Game tree vs. extensive form of a game I am a bit confused by the following statement from the Game Tree wikipedia page:

the complete tree is the same tree as that obtained from the extensive-form game representation

A game tree consists of nodes that represent different states of the game and how different actions can lead to different states. As far as I understand, the extensive form representation of a game consists of nodes that do not represent states, rather they indicate which player should make the decision at that node.
Furthermore, it is known that there may be more than one extensive form game representing the same strategic interaction. I don't believe the same is true for a game tree.
Can anyone clear up my confusion?
 A: In game theory proper, a game tree is an informal way of referring to an extensive form game; just like the name "William" is also colloquially referred to as "Bill". The fact that the word Bill may also refer a draft of law in a different context is neither here nor there. Note that in the Wikipedia article for "Game Tree", the first line says: 

For game tree as it is used in game theory (not combinatorial game theory), see Extensive-form game.

This suggests that the term game tree may have different meanings outside game theory. The example game trees shown in that article are also not what game theorists would consider as proper extensive form games. 

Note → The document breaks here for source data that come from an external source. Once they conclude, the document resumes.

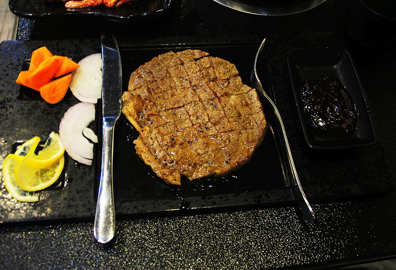 烤好的牛排,如同吃巧克力一般,用两颊轻轻挤一下,牛排中的肉汁就会喷到嘴中。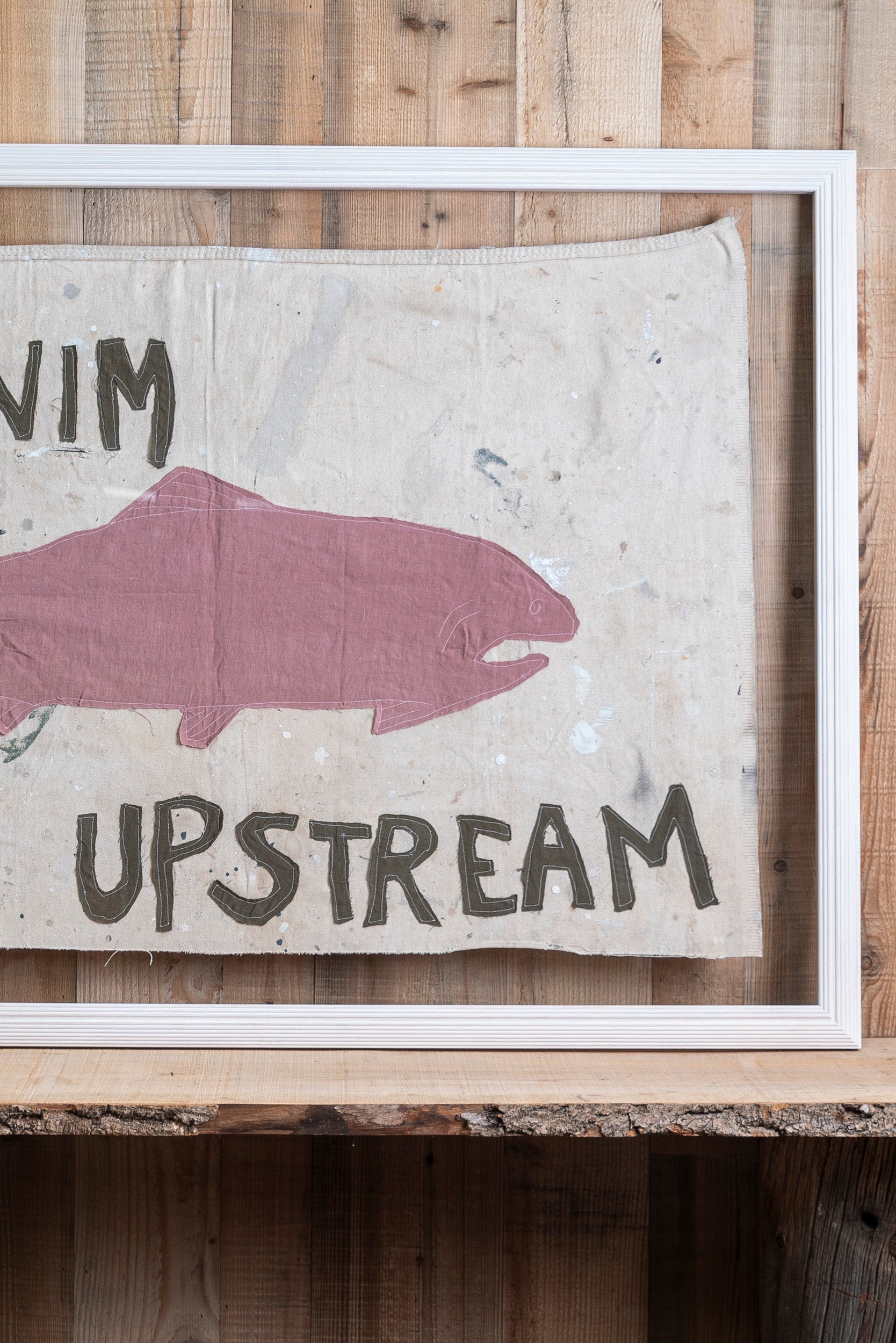"Swim Upstream" a reclaimed canvas framed flag. From Salt Air Farmhouse, a mother-son duo, Joan and Nick who are based in New York and create one of bespoke tapestries. This piece has been placed in a bespoke, reeded frame in a limed oak finish.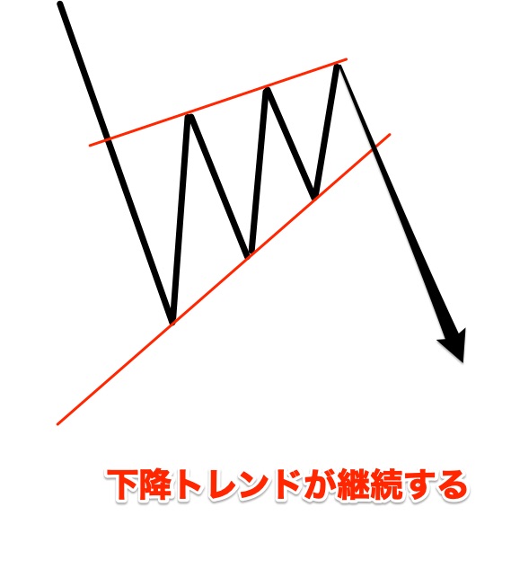 トレンド継続型の上昇ウェッジとは、下降トレンドの途中で一時的に上昇する場合に出現するチャートパターンです。

Extensive form games do capture different "states", although not with the nodes, but with the edges/branches. Probabilistic effects are represented by introducing a player called Chance who randomly chooses from a set of actions that represent the possible states after that node. 
For instance, in the following example, Y can choose to shoot at X or Z or into the air, but he will miss the target 40% of the time. This can be modeled by having Chance moving after Y has chosen his target and randomly deciding whether the shot is a hit or a miss.